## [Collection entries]
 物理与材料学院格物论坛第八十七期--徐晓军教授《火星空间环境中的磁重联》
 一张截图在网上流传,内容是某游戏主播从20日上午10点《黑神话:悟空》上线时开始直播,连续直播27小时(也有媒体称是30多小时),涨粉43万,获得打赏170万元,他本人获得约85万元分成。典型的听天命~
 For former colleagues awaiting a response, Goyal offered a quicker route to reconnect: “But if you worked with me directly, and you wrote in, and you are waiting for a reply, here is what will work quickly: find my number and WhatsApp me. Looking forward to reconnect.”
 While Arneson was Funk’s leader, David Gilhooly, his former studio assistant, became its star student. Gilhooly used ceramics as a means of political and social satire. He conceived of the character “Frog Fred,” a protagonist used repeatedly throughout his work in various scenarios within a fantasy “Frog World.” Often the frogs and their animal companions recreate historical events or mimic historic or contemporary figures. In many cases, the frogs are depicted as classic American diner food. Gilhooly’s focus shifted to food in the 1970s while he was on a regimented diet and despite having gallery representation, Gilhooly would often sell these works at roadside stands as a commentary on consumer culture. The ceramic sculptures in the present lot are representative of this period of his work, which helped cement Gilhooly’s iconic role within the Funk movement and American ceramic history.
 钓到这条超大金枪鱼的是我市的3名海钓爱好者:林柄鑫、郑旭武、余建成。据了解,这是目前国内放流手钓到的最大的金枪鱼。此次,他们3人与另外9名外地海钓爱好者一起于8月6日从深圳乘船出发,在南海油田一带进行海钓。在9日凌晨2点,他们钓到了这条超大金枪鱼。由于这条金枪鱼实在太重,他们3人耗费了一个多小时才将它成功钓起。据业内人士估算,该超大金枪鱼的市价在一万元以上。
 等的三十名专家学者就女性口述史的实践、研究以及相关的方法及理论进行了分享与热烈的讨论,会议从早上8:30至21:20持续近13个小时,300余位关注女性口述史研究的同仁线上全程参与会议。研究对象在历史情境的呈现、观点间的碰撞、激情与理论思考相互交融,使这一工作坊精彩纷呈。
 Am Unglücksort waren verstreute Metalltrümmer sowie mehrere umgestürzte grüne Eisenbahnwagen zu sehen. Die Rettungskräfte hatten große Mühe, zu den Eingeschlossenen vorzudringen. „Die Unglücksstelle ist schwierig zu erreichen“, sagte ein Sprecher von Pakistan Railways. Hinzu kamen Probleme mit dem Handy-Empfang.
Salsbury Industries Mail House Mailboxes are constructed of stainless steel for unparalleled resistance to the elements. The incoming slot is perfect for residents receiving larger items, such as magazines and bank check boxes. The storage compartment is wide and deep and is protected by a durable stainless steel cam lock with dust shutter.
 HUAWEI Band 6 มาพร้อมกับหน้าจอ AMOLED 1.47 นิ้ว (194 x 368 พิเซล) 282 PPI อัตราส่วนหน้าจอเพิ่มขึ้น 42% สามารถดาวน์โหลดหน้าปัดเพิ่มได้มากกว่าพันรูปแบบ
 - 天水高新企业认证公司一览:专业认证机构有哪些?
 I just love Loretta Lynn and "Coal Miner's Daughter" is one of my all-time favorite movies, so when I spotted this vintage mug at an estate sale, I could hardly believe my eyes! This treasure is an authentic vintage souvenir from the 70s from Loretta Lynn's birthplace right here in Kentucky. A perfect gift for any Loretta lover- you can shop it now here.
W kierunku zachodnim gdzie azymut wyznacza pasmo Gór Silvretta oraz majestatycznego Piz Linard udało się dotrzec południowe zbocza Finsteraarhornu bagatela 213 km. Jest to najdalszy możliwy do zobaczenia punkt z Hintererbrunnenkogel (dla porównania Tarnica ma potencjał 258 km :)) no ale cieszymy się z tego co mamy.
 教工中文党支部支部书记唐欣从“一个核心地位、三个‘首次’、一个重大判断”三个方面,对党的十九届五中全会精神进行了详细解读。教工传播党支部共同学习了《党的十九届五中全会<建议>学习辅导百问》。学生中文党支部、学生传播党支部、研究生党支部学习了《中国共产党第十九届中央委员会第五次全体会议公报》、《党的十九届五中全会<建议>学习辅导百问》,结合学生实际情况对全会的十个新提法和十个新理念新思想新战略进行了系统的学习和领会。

## [ASSIGNMENT]
The whole of the data must be given back word for word.

## [OUTPUT FOR THIS EXERCISE]
 物理与材料学院格物论坛第八十七期--徐晓军教授《火星空间环境中的磁重联》
 一张截图在网上流传,内容是某游戏主播从20日上午10点《黑神话:悟空》上线时开始直播,连续直播27小时(也有媒体称是30多小时),涨粉43万,获得打赏170万元,他本人获得约85万元分成。典型的听天命~
 For former colleagues awaiting a response, Goyal offered a quicker route to reconnect: “But if you worked with me directly, and you wrote in, and you are waiting for a reply, here is what will work quickly: find my number and WhatsApp me. Looking forward to reconnect.”
 While Arneson was Funk’s leader, David Gilhooly, his former studio assistant, became its star student. Gilhooly used ceramics as a means of political and social satire. He conceived of the character “Frog Fred,” a protagonist used repeatedly throughout his work in various scenarios within a fantasy “Frog World.” Often the frogs and their animal companions recreate historical events or mimic historic or contemporary figures. In many cases, the frogs are depicted as classic American diner food. Gilhooly’s focus shifted to food in the 1970s while he was on a regimented diet and despite having gallery representation, Gilhooly would often sell these works at roadside stands as a commentary on consumer culture. The ceramic sculptures in the present lot are representative of this period of his work, which helped cement Gilhooly’s iconic role within the Funk movement and American ceramic history.
 钓到这条超大金枪鱼的是我市的3名海钓爱好者:林柄鑫、郑旭武、余建成。据了解,这是目前国内放流手钓到的最大的金枪鱼。此次,他们3人与另外9名外地海钓爱好者一起于8月6日从深圳乘船出发,在南海油田一带进行海钓。在9日凌晨2点,他们钓到了这条超大金枪鱼。由于这条金枪鱼实在太重,他们3人耗费了一个多小时才将它成功钓起。据业内人士估算,该超大金枪鱼的市价在一万元以上。
 等的三十名专家学者就女性口述史的实践、研究以及相关的方法及理论进行了分享与热烈的讨论,会议从早上8:30至21:20持续近13个小时,300余位关注女性口述史研究的同仁线上全程参与会议。研究对象在历史情境的呈现、观点间的碰撞、激情与理论思考相互交融,使这一工作坊精彩纷呈。
 Am Unglücksort waren verstreute Metalltrümmer sowie mehrere umgestürzte grüne Eisenbahnwagen zu sehen. Die Rettungskräfte hatten große Mühe, zu den Eingeschlossenen vorzudringen. „Die Unglücksstelle ist schwierig zu erreichen“, sagte ein Sprecher von Pakistan Railways. Hinzu kamen Probleme mit dem Handy-Empfang.
Salsbury Industries Mail House Mailboxes are constructed of stainless steel for unparalleled resistance to the elements. The incoming slot is perfect for residents receiving larger items, such as magazines and bank check boxes. The storage compartment is wide and deep and is protected by a durable stainless steel cam lock with dust shutter.
 HUAWEI Band 6 มาพร้อมกับหน้าจอ AMOLED 1.47 นิ้ว (194 x 368 พิเซล) 282 PPI อัตราส่วนหน้าจอเพิ่มขึ้น 42% สามารถดาวน์โหลดหน้าปัดเพิ่มได้มากกว่าพันรูปแบบ
 - 天水高新企业认证公司一览:专业认证机构有哪些?
 I just love Loretta Lynn and "Coal Miner's Daughter" is one of my all-time favorite movies, so when I spotted this vintage mug at an estate sale, I could hardly believe my eyes! This treasure is an authentic vintage souvenir from the 70s from Loretta Lynn's birthplace right here in Kentucky. A perfect gift for any Loretta lover- you can shop it now here.
W kierunku zachodnim gdzie azymut wyznacza pasmo Gór Silvretta oraz majestatycznego Piz Linard udało się dotrzec południowe zbocza Finsteraarhornu bagatela 213 km. Jest to najdalszy możliwy do zobaczenia punkt z Hintererbrunnenkogel (dla porównania Tarnica ma potencjał 258 km :)) no ale cieszymy się z tego co mamy.
 教工中文党支部支部书记唐欣从“一个核心地位、三个‘首次’、一个重大判断”三个方面,对党的十九届五中全会精神进行了详细解读。教工传播党支部共同学习了《党的十九届五中全会<建议>学习辅导百问》。学生中文党支部、学生传播党支部、研究生党支部学习了《中国共产党第十九届中央委员会第五次全体会议公报》、《党的十九届五中全会<建议>学习辅导百问》,结合学生实际情况对全会的十个新提法和十个新理念新思想新战略进行了系统的学习和领会。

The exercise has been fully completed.